A crash course in pointers

OK, so a crash course on pointers. This will be a long email. But it’s at least a month worth of classes crushed into a couple of pages.

A pointer is a variable literally pointing to an address (any address) in memory.

for instance:

int nVar = 12; //This is a regular variable!
int * pVar = 0; //This is a pointer variable!

the variable nVar contains a the number 12. This is located somewhere in the heap. It doesn’t matter where. We don’t really care. nVar is an integer an can only take things that are 4 bytes on size.

the variable pVar is a pointer. This is a variable that takes an address, any address! However, it expects that the address will point to an integer (that bit is important). Right now, it’s just a zero, meaning that it’s not pointing to anything at all. It’s empty, and sad…

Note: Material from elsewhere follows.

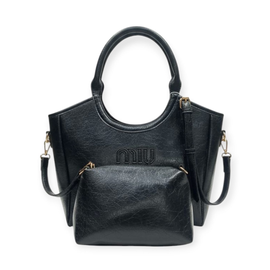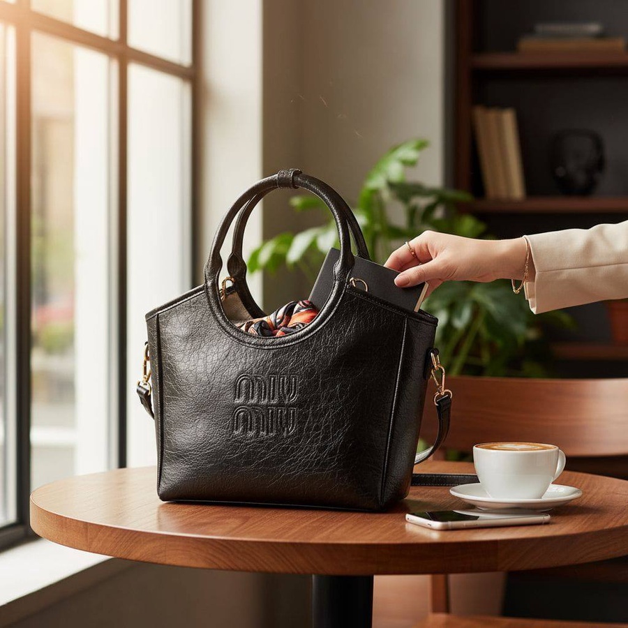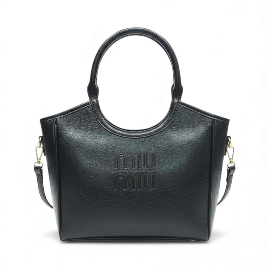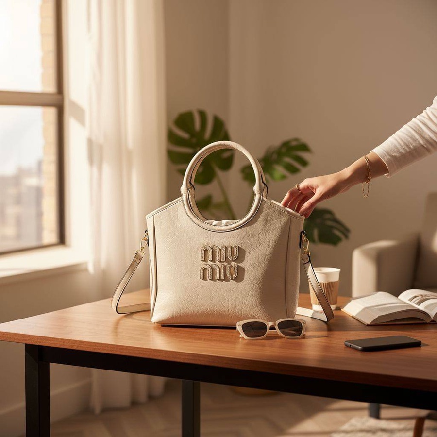 شنطة يد ستايل Miu Miu شكلها شيك وفخم ينفعك في الشغل والجامعة والخروجات الكاجوال، تصميم المسكة الدائرية بيخليها مختلفة وملفتة عن الشنط العادية. تقدر تشيليها من الإيد كقطعة كلاسيك أنيقة أو تركبي حزام الكروس القابل للفك لو حابة تبقى عملية أكتر في الحركة طول اليوم.

we know pVar is a pointer, and takes an address. So we can give it an address:

pVar = &nVar; //now pVar is pointing to nVar.

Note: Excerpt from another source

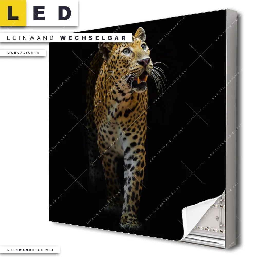 LED Leinwandbild Canvalight® TEX | Leopard in der Dunkelheit | Quadrat

If you remember & gets the address of a variable. So we’re giving pVar, the addresss to nVar. This is important… We’re not giving pVar the number 12. We’re just telling pVar where 12 is located. In other words, if you tried to do a cout on pVar, you would not get 12. Instead, you’ll see something like: 0x0025fe. If you went inside your computer, and went to this place in memory, you’d see 12 there.

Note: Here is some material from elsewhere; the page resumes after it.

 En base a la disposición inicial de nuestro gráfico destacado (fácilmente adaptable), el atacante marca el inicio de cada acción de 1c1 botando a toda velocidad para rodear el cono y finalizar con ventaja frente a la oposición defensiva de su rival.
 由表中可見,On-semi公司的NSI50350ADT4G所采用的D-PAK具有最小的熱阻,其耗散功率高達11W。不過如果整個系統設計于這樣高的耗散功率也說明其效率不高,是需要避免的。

This presents a problem. You know where something is, but sometimes you point to something and want to know the value! Knowing where 12 is, is pretty useful, but what if you wanted to know what nVar minus 5 is and you only had the address.

That’s when dereferencing comes into play. Dereferencing is a way to tell the pointer to give you the value of the address it has. In other words, It’s asking google, who lives at 4275 Solar Circle? This is accomplished by putting a star right before the variable.

int newVar = 0; //Lets create a new variable
newVar = *pVar; //newVar is now 12!

There is something even more interesting than this… How about if i have the address to nVar, and want to change the value of nVar?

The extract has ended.